South Africa’s deepening unemployment crisis has intensified calls for expanding the country’s social safety net by introducing a universal basic income grant. In the wake of July’s unrest, the national treasury — then led by Tito Mboweni — agreed to reintroduce the R350 social relief of distress grant. The grant is set to run until March this year.
Safety nets
Despite calls to expand social spending, new finance minister Enoch Godongwana was mum on the universal basic income grant proposals during his maiden medium-term budget speech last November. Godongwana is expected to make a call on this issue by his budget speech in February.
The national treasury’s fiscal conservatism has seemingly served some purpose. Last month, Fitch revised South Africa’s credit rating from negative to stable, citing strong economic recovery and “surprisingly strong fiscal performance” in 2021.
Fitch noted that the government left open the possibility of new social spending if revenues outperform, but predicted that a basic income grant is unlikely to materialise given fiscal constraints.
“The pandemic continues to weigh on economic performance and remains a source of downside risk for public finances, but the likelihood of severe negative effects on creditworthiness has declined over the last year, despite the recent emergence of the Omicron variant of Covid-19 and the associated rapid surge in new cases in South Africa,” Fitch said.
“A tightening of containment measures is likely but we assume such measures would be short in duration and targeted, primarily hitting the hospitality sector rather than overall economic activity.”

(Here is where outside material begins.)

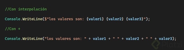 Console.WriteLine("El resultado de valor1 == valor2 es: " + resultado1);

Omicron’s early disruption to South Africa’s economy, in the form of travel bans imposed on the country, was counteracted by the government’s domestic response to the pandemic. Instead of imposing more stringent lockdown measures during the festive season, like it did in December 2020, the government lifted restrictions, citing lower rates of hospitalisation than in previous waves.
The Omicron effect
With forced lockdowns seemingly out, Omicron may have ushered in a return to normality — changing South Africa’s economic prospects for the better in 2022.
PwC economist Christie Viljoen said: “A month ago, as we were heading into the fourth wave, we were expecting some form of stricter lockdown restrictions, which didn’t happen. Having gone through the December holiday so far, and the fourth wave, without seeing additional restrictions, it almost shows us that in 2022 we are probably going to see a lot less in terms of lockdowns.”
Fewer restrictions is good news for certain sectors, like tourism and hospitality, which have been badly hit by lockdowns, Viljoen noted.
But whatever economic tailwinds come as a result of changing pandemic-related dynamics, it is unlikely this will have an effect on reversing South Africa’s unemployment tailspin. “We’re seeing the economy growing, but we are not seeing employment growing … So I wouldn’t be very enthusiastic about seeing a big jump back in employment this year,” Viljoen said.
“Labour market regulations are not geared towards companies suddenly employing a lot more people. And that’s a long-term issue that was identified before Covid.”
Alexander Forbes chief economist Isaah Mhlanga was reticent about making any prognosis of the economy in 2022 based on Omicron’s effect, saying uncertainty remains.
Continued economic uncertainty means it is unlikely that monetary and fiscal policymakers will be quick to change tack, Mhlanga said.
The national treasury will probably stick, as far as possible, to the path of fiscal consolidation, Mhlanga added. “That position has been affirmed by the change to the credit rating outlook in late December. It shows that this is the right thing to do from a credit point of view and if you continue doing it, you are likely to reap the benefits.”
Godongwana will push back against political calls for a universal basic income grant, Mhlanga said. “But the socioeconomic conditions give politicians some leverage to say, ‘We need some more fiscal spending to help people’ — particularly as we go into the ANC conference and the general elections in 2024. So that pressure is going to increase.”